Beginning with the line containing "Hôtels de charme" and ending with the line containing "Kuva 14. Valokuvia", write out each line of the records below exactly; pictures and lines outside that range are left out.

SOURCE DATA →
* * * *

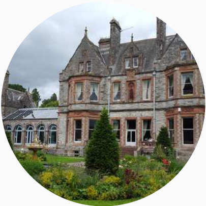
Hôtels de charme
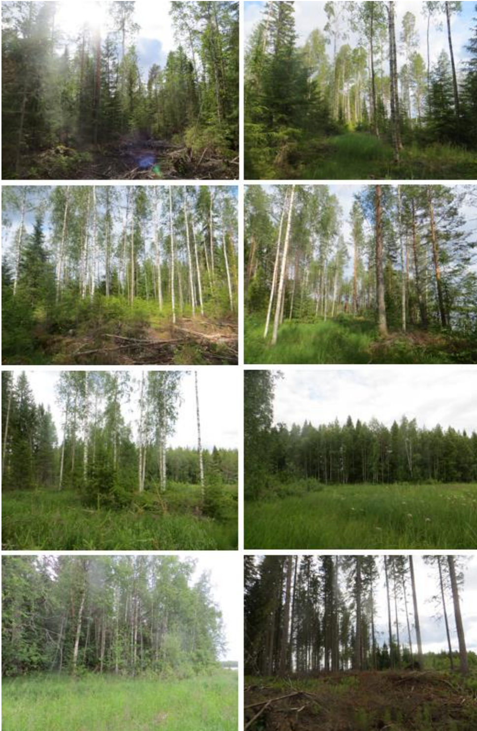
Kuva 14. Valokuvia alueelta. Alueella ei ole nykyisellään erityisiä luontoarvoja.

* * * *

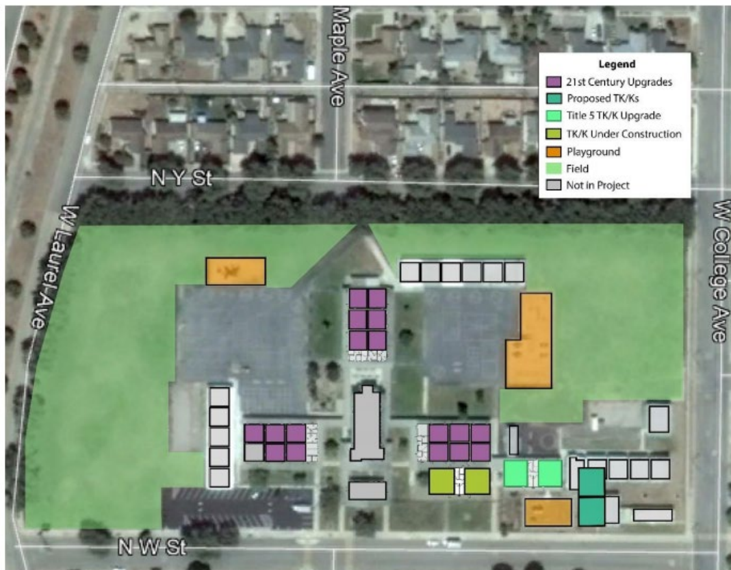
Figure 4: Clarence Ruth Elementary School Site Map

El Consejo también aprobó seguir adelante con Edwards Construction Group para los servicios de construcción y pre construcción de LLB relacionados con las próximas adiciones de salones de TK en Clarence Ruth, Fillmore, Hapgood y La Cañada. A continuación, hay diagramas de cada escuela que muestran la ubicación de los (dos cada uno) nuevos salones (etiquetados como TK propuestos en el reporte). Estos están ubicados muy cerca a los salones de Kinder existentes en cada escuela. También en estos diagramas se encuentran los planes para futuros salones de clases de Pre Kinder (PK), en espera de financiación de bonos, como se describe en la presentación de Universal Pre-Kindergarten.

* * * *

OUTPUT OF THE TASK →
Hôtels de charme
Kuva 14. Valokuvia alueelta. Alueella ei ole nykyisellään erityisiä luontoarvoja.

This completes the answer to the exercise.